22nd Mayor of Longueuil
- In office 1935–1966
- Preceded by: Alexandre Thurber
- Succeeded by: Marcel Robidas

Personal details
- Born: 25 November 1894 Longueuil, Quebec
- Died: 8 May 1967 (aged 72) Longueuil, Quebec
- Alma mater: Conservatoire national de musique
- Occupation: Musician

= Paul Pratt =

Paul Pratt (25 November 1894 – 8 May 1967) was a Canadian clarinetist, pianist, conductor, music educator, composer, and public administrator. His compositional output includes marches, waltzes, a Fantaisie-Impromptu for band, and some works for solo piano.

==Life and career==
Pratt was a clarinetist in the Symphonie Dubois in 1916–1917 and in the Canadian Grenadier Guards Band from 1919 to 1939. He was the Montreal Orchestra's bass clarinetist from 1931 to 1941 and played the contrabass clarinet for the CSM orchestra from 1935 to 1946. He also played the clarinet in the Little Symphony of Montreal and the Van der Meerschen band in St-Lambert. From 1950 to 1967 he was music director of the Metropolitan Concert Band of Montreal and from 1956 to 1957 he was president of the Canadian Band Association's Quebec and Ontario divisions. He also served for some years as the music director of the South Shore Band of Longueuil and the Gais Longueuillois Quartet.

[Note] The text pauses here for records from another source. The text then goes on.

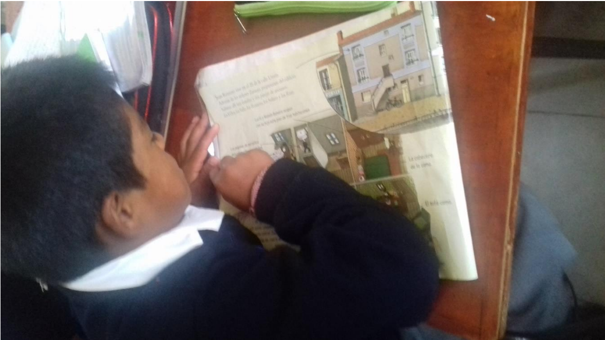
Anexo 2 Alumnos leyendo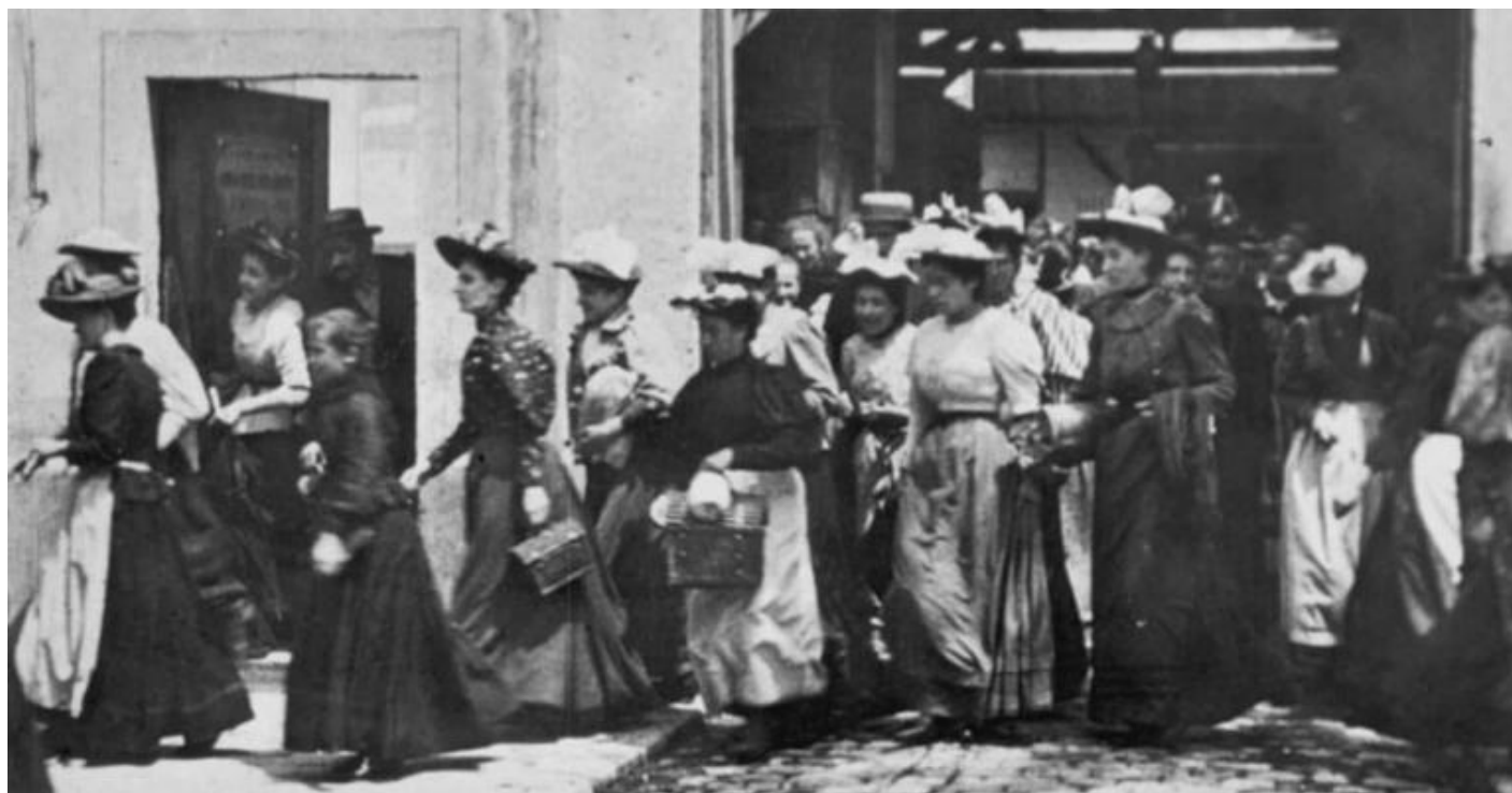
“La Sortie de l'usine Lumière” (1895).

Il libro si dipana attorno a tre nuclei tematici – tempo, media e immagine – con numerosi esempi tratti da un'ampia cultura del visuale, in particolare dei media e dell'immagine in movimento: fra i casi citati troviamo Harun Farocki, Hito Steyerl, Cao Fei, Ed Atkins, Liam Gillick, Superflex, Forensic Architecture, Alterazioni Video, Elisa Giardina Papa, ma anche Francois Truffaut, Ermanno Olmi e Pier Paolo Pasolini, Black Mirror e BoJack Horseman . Estremo analizza tanto la rappresentazione del lavoro quanto le logiche che presiedono al funzionamento degli apparati e dei protocolli che trasformano “la classe creativa in cognitariato”.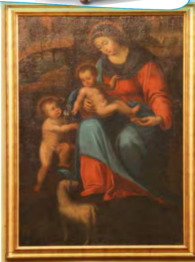
quadro: Madonna col Bambino e san Giovanni bambino collocato nella navata centrale della nostra chiesa, a sinistra, sopra l'uscita con porta automatica

Inoltre fra i nomi maschili, ma anche usato nelle derivazioni femminili (Giovanna, Gianna) è il più diffuso nel mondo, tradotto nelle varie lingue; e tanti altri santi, beati, venerabili della Chiesa, hanno portato originariamente il suo nome; come del resto il quasi contemporaneo s. Giovanni l'Evangelista e apostolo, perché il nome Giovanni, al suo tempo era già conosciuto e nell'ebraico lehóhanan, significava: "Dio è propizio".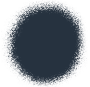
Black Edible Color Spray 1.5 oz - 42g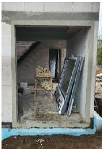
Obrázek č.2 Stavební otvor připravený pro osazení okna do vnějšího líce zdiva a předsazenou montáž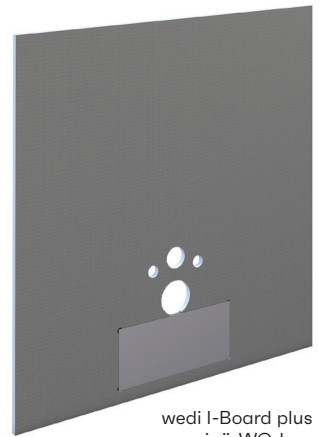
wedi I-Board plus seinä-WC-levy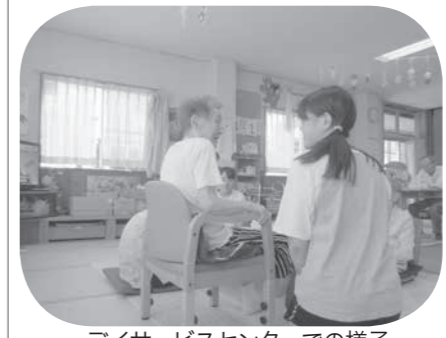
デイサービスセンターでの様子

「ボランティア活動に関心はあるけれど参加のきっかけがつかめない」そんな方へ、飯山市社会福祉協議会では、夏休み期間中に参加できる福祉体験のボランティアを募集しています。福祉施設の利用者とのふれあいや仕事の体験を行います。ませんか?ぜひご参加ください。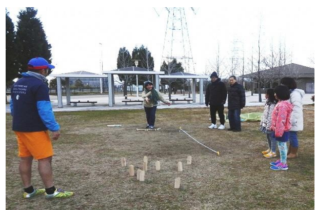
スキttlを倒して点数を競う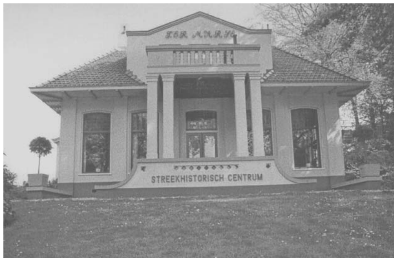
Foto van het huidige pand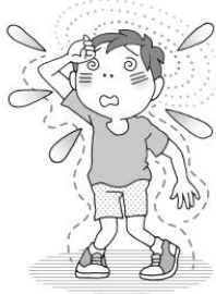
めまいや顔のほてり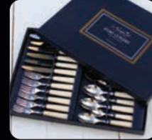
Ivory bestick 24 delar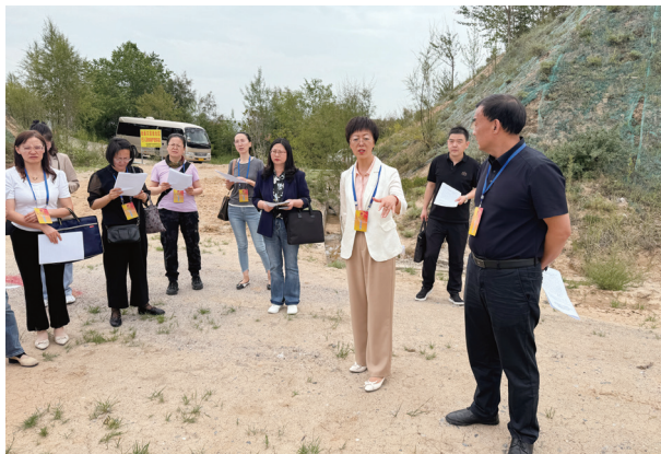
城西区人大常委会组织人大代表对防灾减灾提升工程项目进行视察。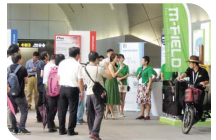
105/7/29 開幕式主持人介紹參展廠商

節能環保是都會生活的趨勢，搭乘捷運可以省去其他能源的消耗，減少碳排放，捷運公司的立場就是鼓勵民眾多搭乘捷運系統，藉由觀念的推動，形成文化，在生活中感受。臺北市政府捷運工程局局長張澤雄表示，捷運大安森林公園站的設計與公園、綠地、陽光結合，使用環保建材，曾獲得全球卓越建設獎，是全市捷運的指標站點，利用太陽光電，將水轉換成氫氣成為燃料電池進行儲存，每月可以供應1千度的電力供公園使用，不但節能減碳，也有產能。本學會理事長呂良正指出，永續節能使建築業受到重視，政府重視新能源，透過這項體驗活動讓國人認識氫燃料電池。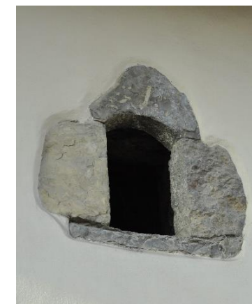
Particolare della chiesa di S. Maria e S. Elisabetta di Comenduno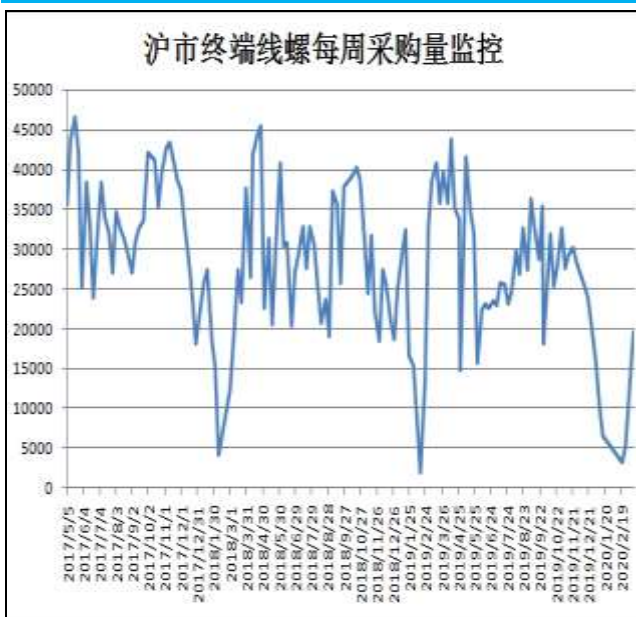
图13：沪市终端线螺采购量

据统计数据显示，本周沪市终端线螺周度采购量为19500吨，较上一周增加5900吨。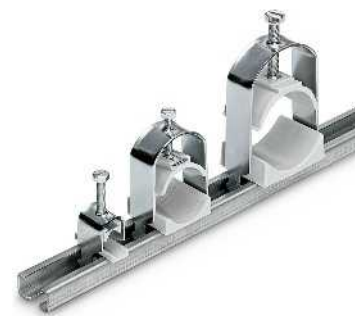
Скобы для крепления кабеля диаметром 6 - 64 мм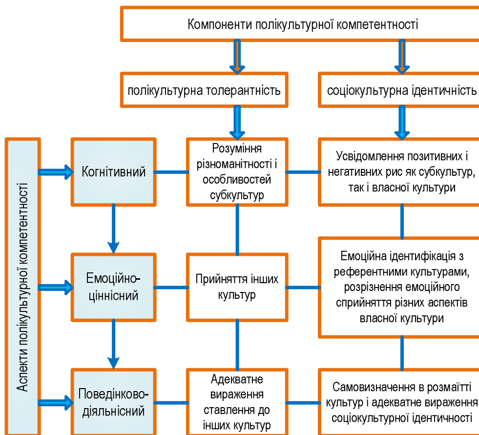
Рис. 2. Складові полікультурної компетентності

когнітивному, емоційно-ціннісному та поведінково-діяльнісному аспектах, що схематично зображено на рис. 2.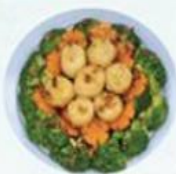
XO醬西蘭花炒澳洲帶子 $198/例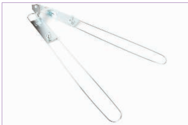
3111200 TELAIO A FORBICE ZINCATO 100X90 0000915C sfuso Sfuso, mast Cartone 10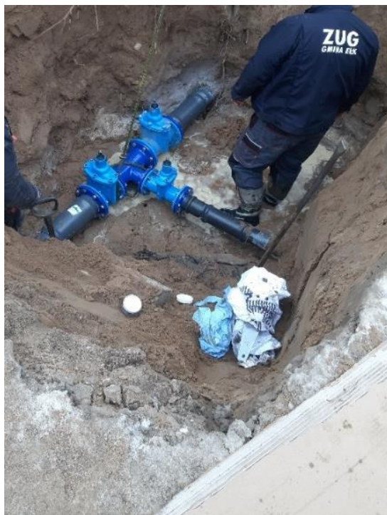
Zdjęcie nr 13 –Montaż węzła zasuw w miejscowości Malinówka, gmina Elk.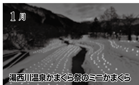
湯西川温泉かまくら祭のミニかまくら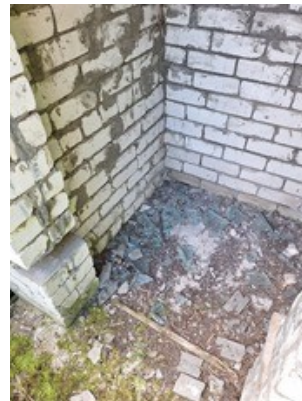
1.2.6-2 Ateja ar kadastra apzīmējumu 0900 023 0012 040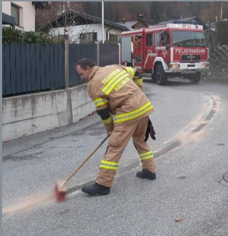
Dieselaustritt aus LKW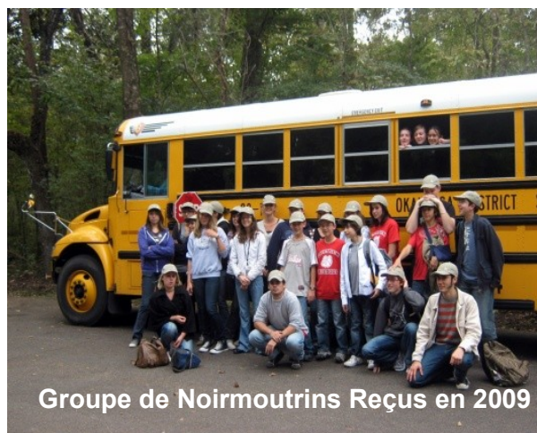
Groupe de Noirmoutrins Reçus en 2009

En 2009 un groupe de 20 collégiens et 14 accompagnateurs dont le Maire de Noirmoutier et son épouse étaient reçus à Crestview dans les familles américaines et à la High School, puis, en 2012, un deuxième groupe composé de 21 collégiens, de 10 accompagnateurs et de 2 représentants de l'IUT de la Roche sur Yon. En 2015 un 3 ème groupe s'envolera vers les USA.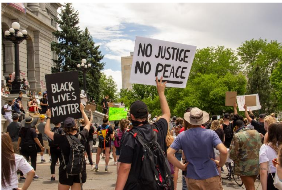
Figura 4. Imagen 4. Protesta por George Floyd en Denver, Colorado.

La imagen 4 se tomó durante las protestas contra el racismo de Trump del movimiento social llamado Black lives matter . En él se veía un performance o lenguaje (Diamond, 1996) del fascismo que incluía una ideología correspondiente. En el contexto de la misma pandemia, y el efecto desigual de la enfermedad en las comunidades de color, la muerte de George Floyd, el 25 de mayo del 2020, exacerbó la desesperación del racismo estructural del país. En esta situación, la administración de Trump optó por la represión militarizada (revisar la liga de la nota al final del artículo para mayor referencia). 20

In 1935 Pratt was elected the mayor of Longueuil. He enjoyed wide popularity in that post, and remained mayor for the next 31 years, stepping down in 1966. He was decorated twice while in office, once by George V the United Kingdom in 1935 and once by George VI of the United Kingdom in 1939, the latter for his activities in the War Campaign. He died in Longueuil in 1967 at the age of 72.